EXERCISE DESCRIPTION
Below, some lines carry pictures; leave those pictures out and retype exactly the lines from the one with "باشر وفد من" through the one with "美国股市开盘大跌,连带全球股".

--- EXERCISE INPUTS Enclosed Below ---

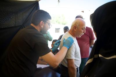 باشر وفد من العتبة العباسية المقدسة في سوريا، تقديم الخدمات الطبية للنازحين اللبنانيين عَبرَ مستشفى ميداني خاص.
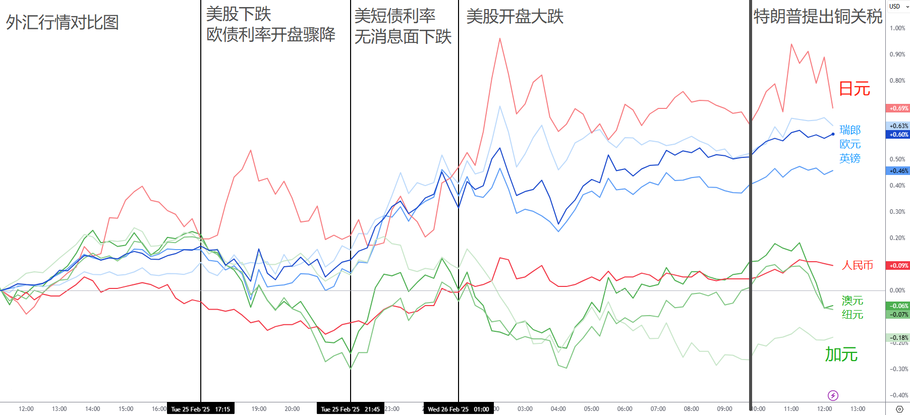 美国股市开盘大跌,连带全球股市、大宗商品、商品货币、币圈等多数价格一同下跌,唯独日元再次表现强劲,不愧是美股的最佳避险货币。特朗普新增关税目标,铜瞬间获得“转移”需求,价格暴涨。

--- End of Enclosed EXERCISE INPUTS ---
--- EXERCISE INPUTS Enclosed Below ---

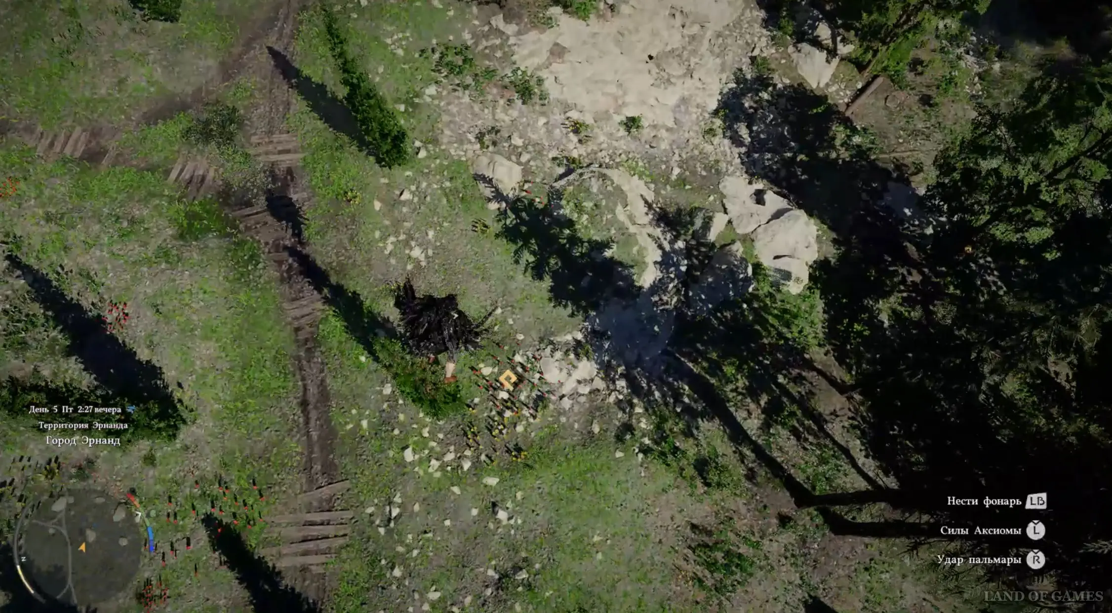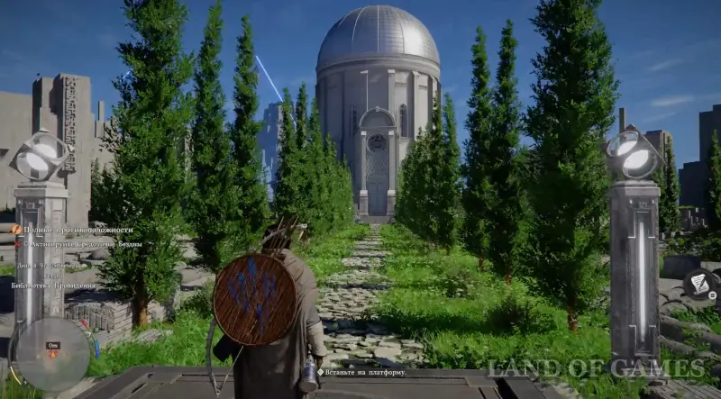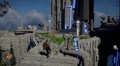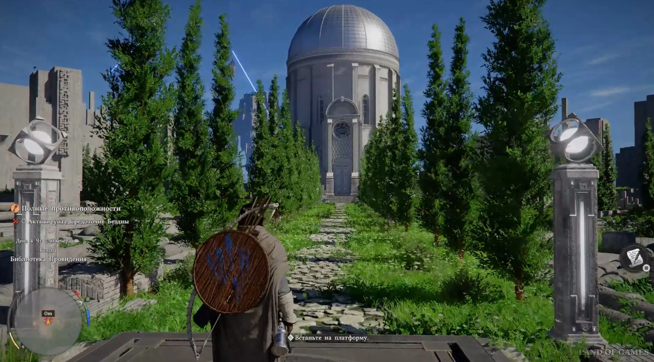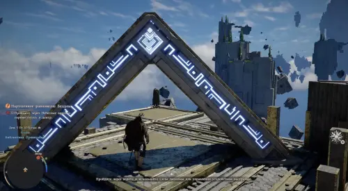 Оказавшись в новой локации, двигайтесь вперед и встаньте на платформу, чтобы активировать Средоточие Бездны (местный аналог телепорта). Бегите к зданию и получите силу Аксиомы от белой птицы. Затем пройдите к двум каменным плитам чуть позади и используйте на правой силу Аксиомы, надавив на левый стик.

--- End of Enclosed EXERCISE INPUTS ---
--- EXERCISE INPUTS Enclosed Below ---

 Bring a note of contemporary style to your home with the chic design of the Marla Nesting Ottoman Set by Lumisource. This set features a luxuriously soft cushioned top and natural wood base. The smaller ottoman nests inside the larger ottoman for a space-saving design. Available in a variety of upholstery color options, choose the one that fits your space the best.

--- End of Enclosed EXERCISE INPUTS ---

SOLUTION
 باشر وفد من العتبة العباسية المقدسة في سوريا، تقديم الخدمات الطبية للنازحين اللبنانيين عَبرَ مستشفى ميداني خاص.
 美国股市开盘大跌,连带全球股市、大宗商品、商品货币、币圈等多数价格一同下跌,唯独日元再次表现强劲,不愧是美股的最佳避险货币。特朗普新增关税目标,铜瞬间获得“转移”需求,价格暴涨。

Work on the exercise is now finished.